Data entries
•••

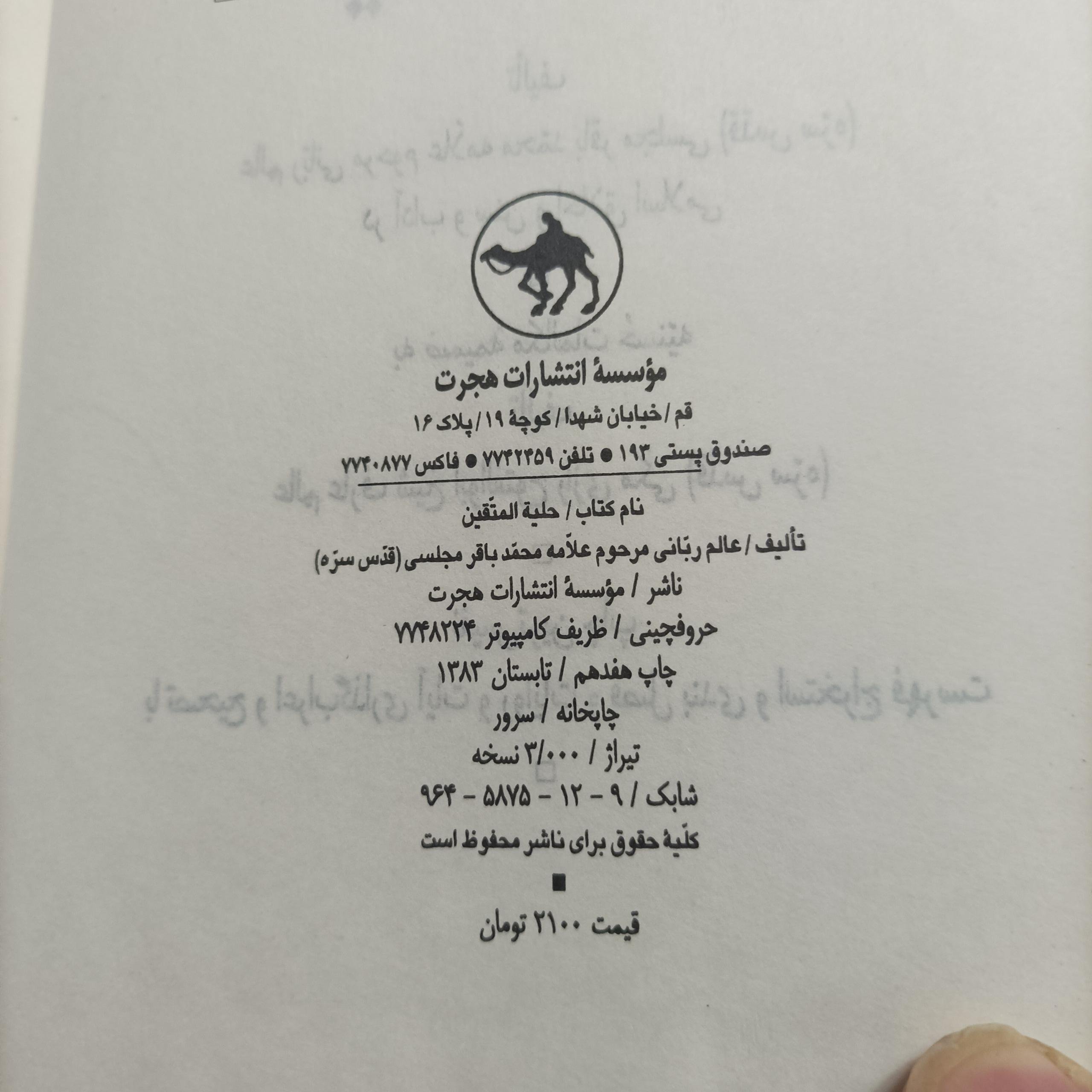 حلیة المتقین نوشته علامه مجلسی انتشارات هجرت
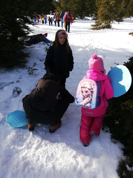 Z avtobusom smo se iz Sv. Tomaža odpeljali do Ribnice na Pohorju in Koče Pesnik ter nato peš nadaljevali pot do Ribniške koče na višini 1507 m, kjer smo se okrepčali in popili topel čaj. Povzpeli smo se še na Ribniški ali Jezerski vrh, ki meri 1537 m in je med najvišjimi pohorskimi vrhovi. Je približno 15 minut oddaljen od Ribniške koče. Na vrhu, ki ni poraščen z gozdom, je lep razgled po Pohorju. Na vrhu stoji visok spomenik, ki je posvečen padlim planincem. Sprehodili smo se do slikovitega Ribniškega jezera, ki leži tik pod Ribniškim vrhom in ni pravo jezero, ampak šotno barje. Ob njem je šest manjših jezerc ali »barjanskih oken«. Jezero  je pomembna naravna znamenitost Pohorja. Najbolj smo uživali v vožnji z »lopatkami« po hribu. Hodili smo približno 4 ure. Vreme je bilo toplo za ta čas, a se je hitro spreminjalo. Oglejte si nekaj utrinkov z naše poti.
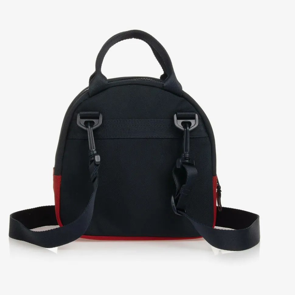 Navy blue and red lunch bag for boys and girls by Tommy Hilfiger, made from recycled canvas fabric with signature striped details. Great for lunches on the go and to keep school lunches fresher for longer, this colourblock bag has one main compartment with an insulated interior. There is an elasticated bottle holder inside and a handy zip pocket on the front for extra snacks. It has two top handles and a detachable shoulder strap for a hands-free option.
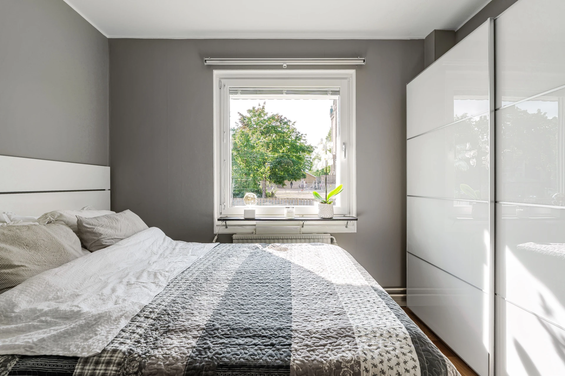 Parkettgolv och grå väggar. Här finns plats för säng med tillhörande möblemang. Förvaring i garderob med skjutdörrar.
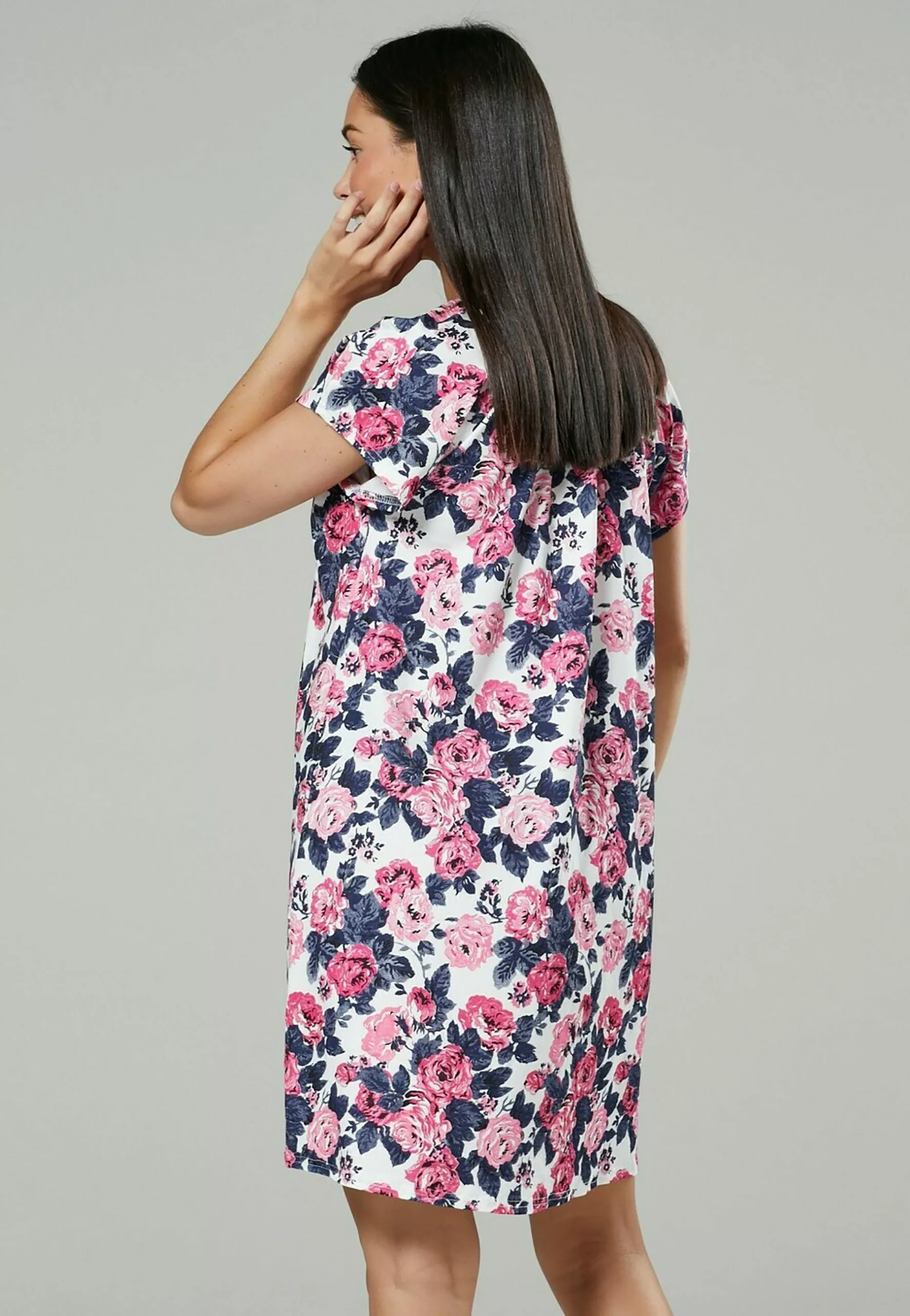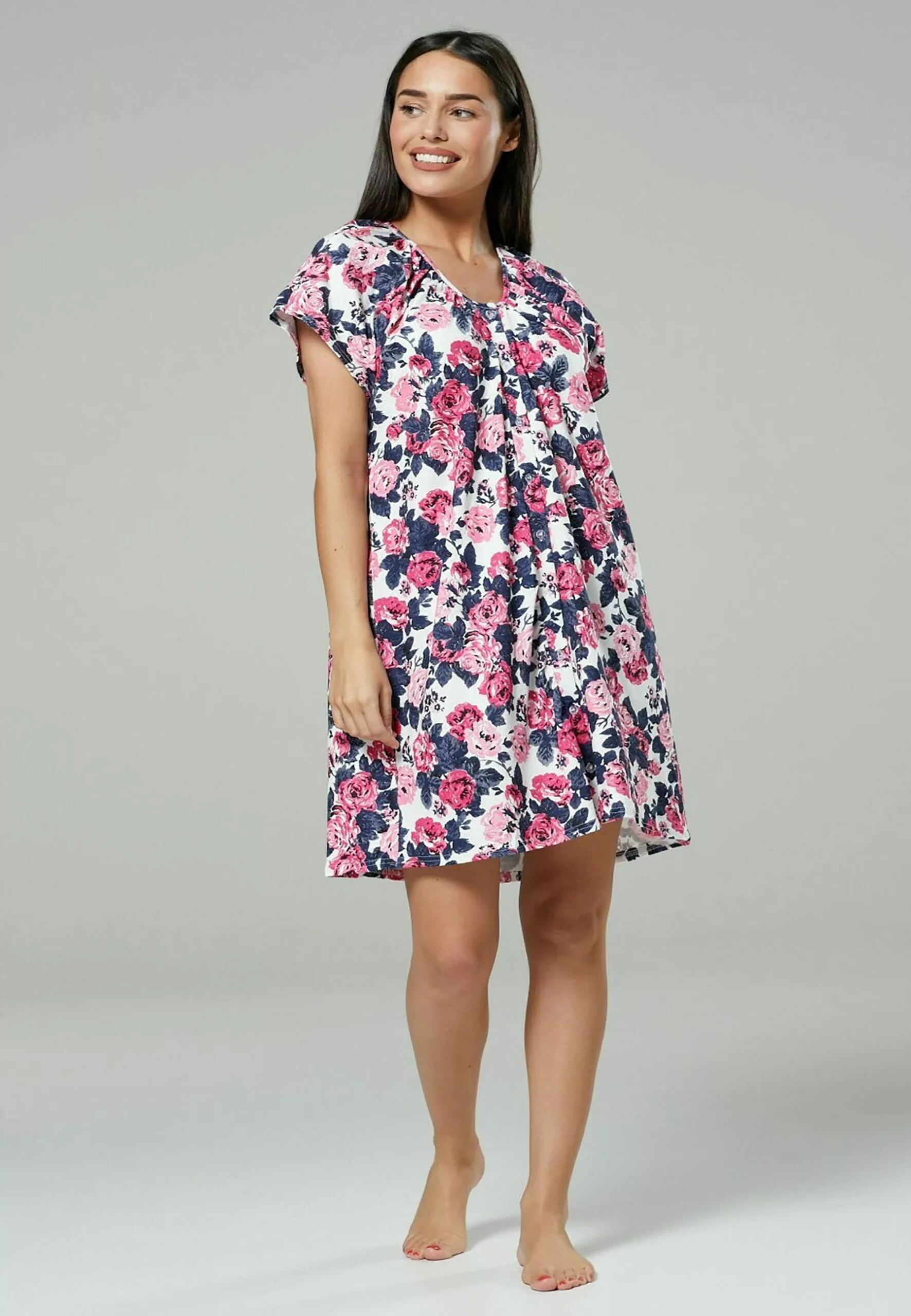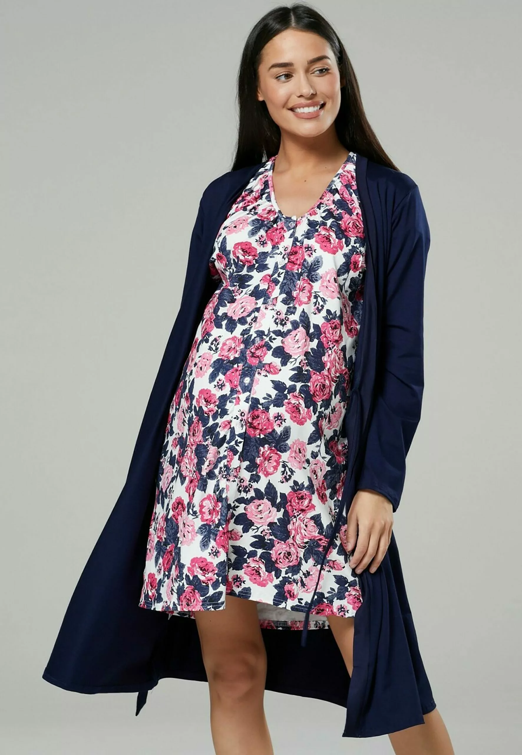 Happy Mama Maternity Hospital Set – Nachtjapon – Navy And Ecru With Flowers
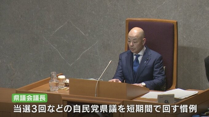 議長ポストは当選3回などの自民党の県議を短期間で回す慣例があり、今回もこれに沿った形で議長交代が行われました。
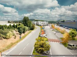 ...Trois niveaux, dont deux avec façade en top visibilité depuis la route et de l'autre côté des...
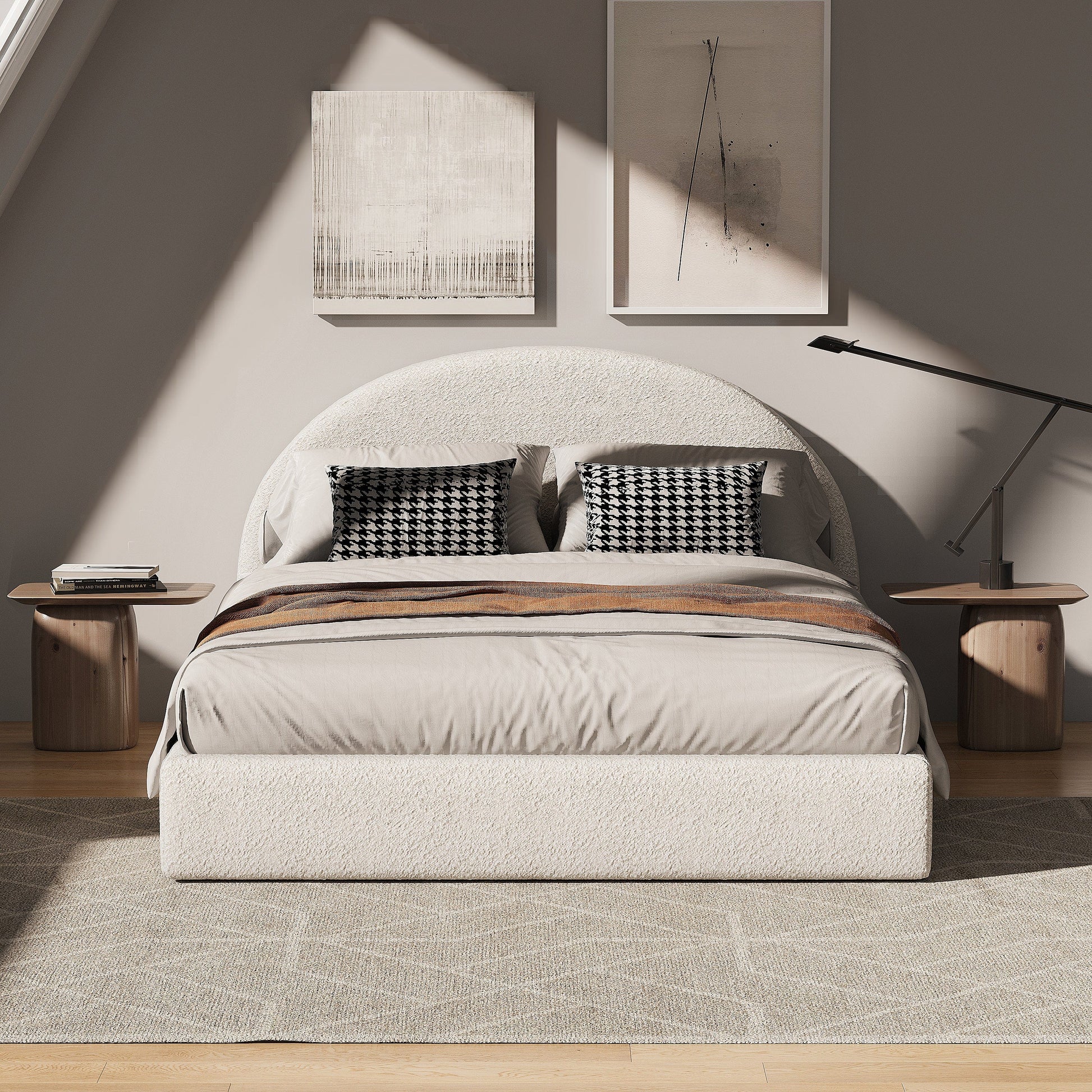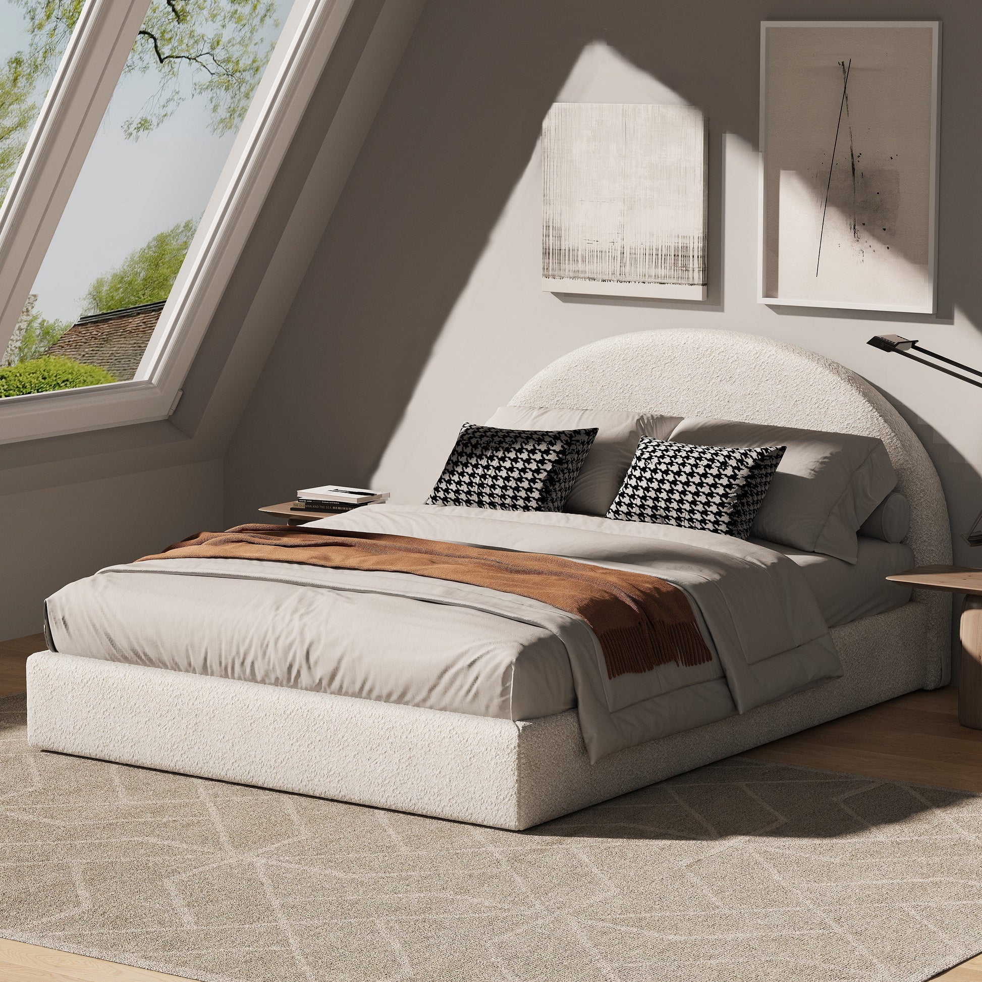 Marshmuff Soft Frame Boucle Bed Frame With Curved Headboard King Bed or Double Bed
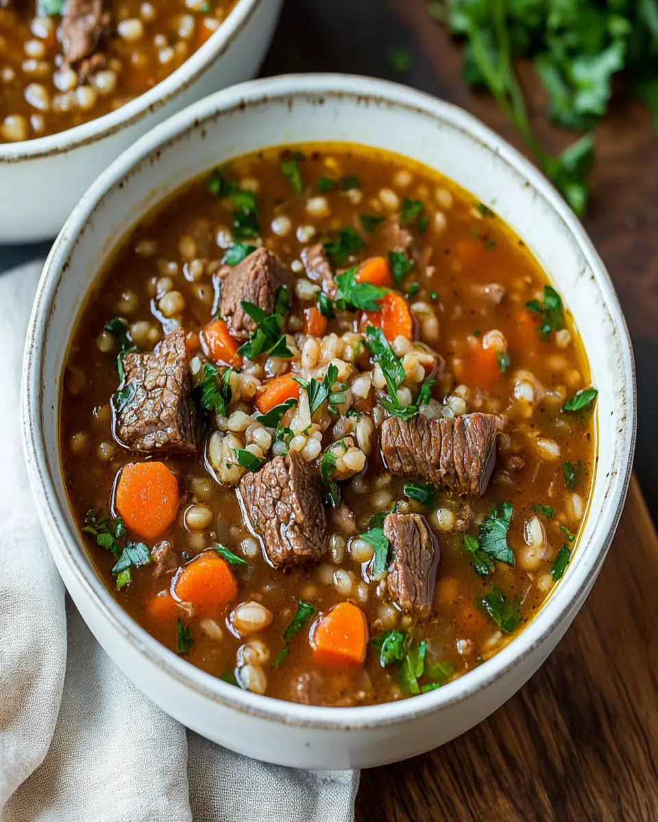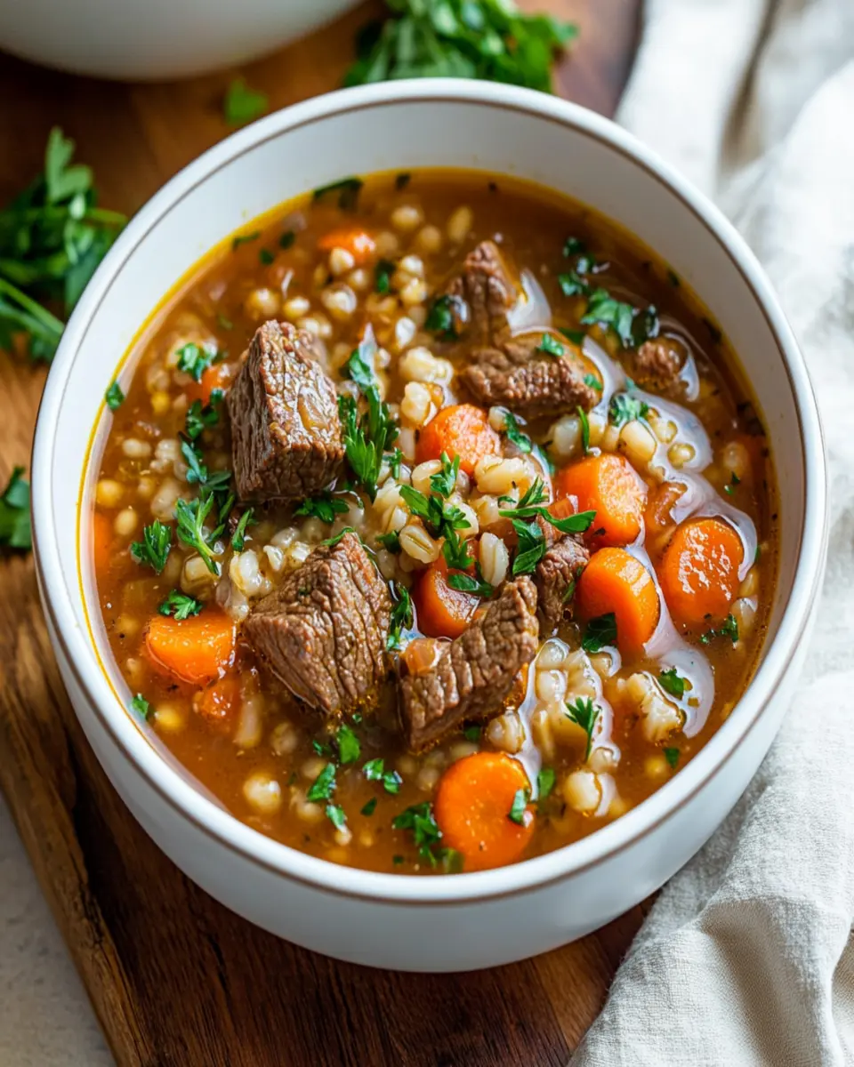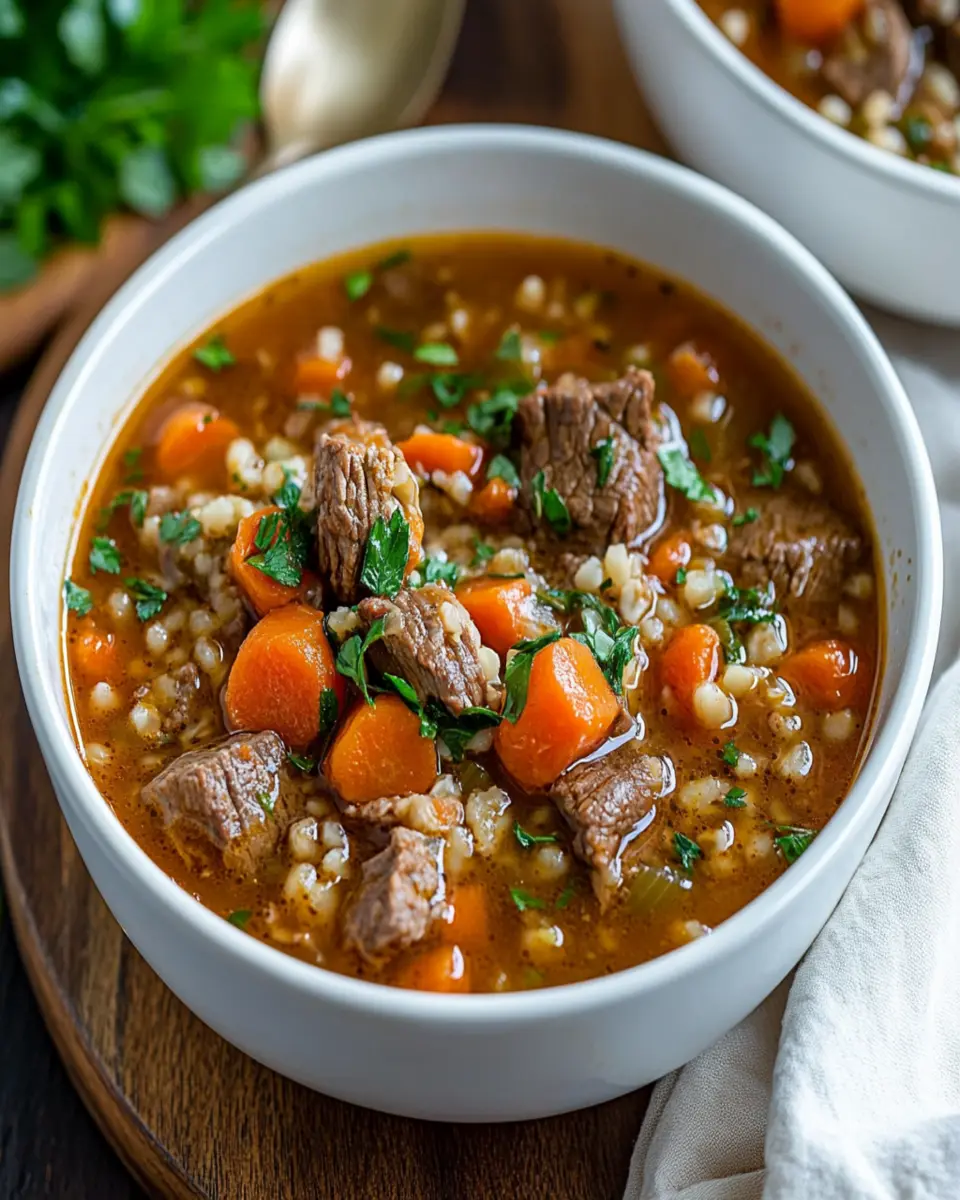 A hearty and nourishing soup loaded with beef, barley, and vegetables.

•••

• Work task: Reproduce nothing but the lines running from the line with "Parkettgolv och grå" through the end of the records, keeping both end lines and dropping the pictures.

• Expected output:
 Parkettgolv och grå väggar. Här finns plats för säng med tillhörande möblemang. Förvaring i garderob med skjutdörrar.
 Happy Mama Maternity Hospital Set – Nachtjapon – Navy And Ecru With Flowers
 議長ポストは当選3回などの自民党の県議を短期間で回す慣例があり、今回もこれに沿った形で議長交代が行われました。
 ...Trois niveaux, dont deux avec façade en top visibilité depuis la route et de l'autre côté des...
 Marshmuff Soft Frame Boucle Bed Frame With Curved Headboard King Bed or Double Bed
 A hearty and nourishing soup loaded with beef, barley, and vegetables.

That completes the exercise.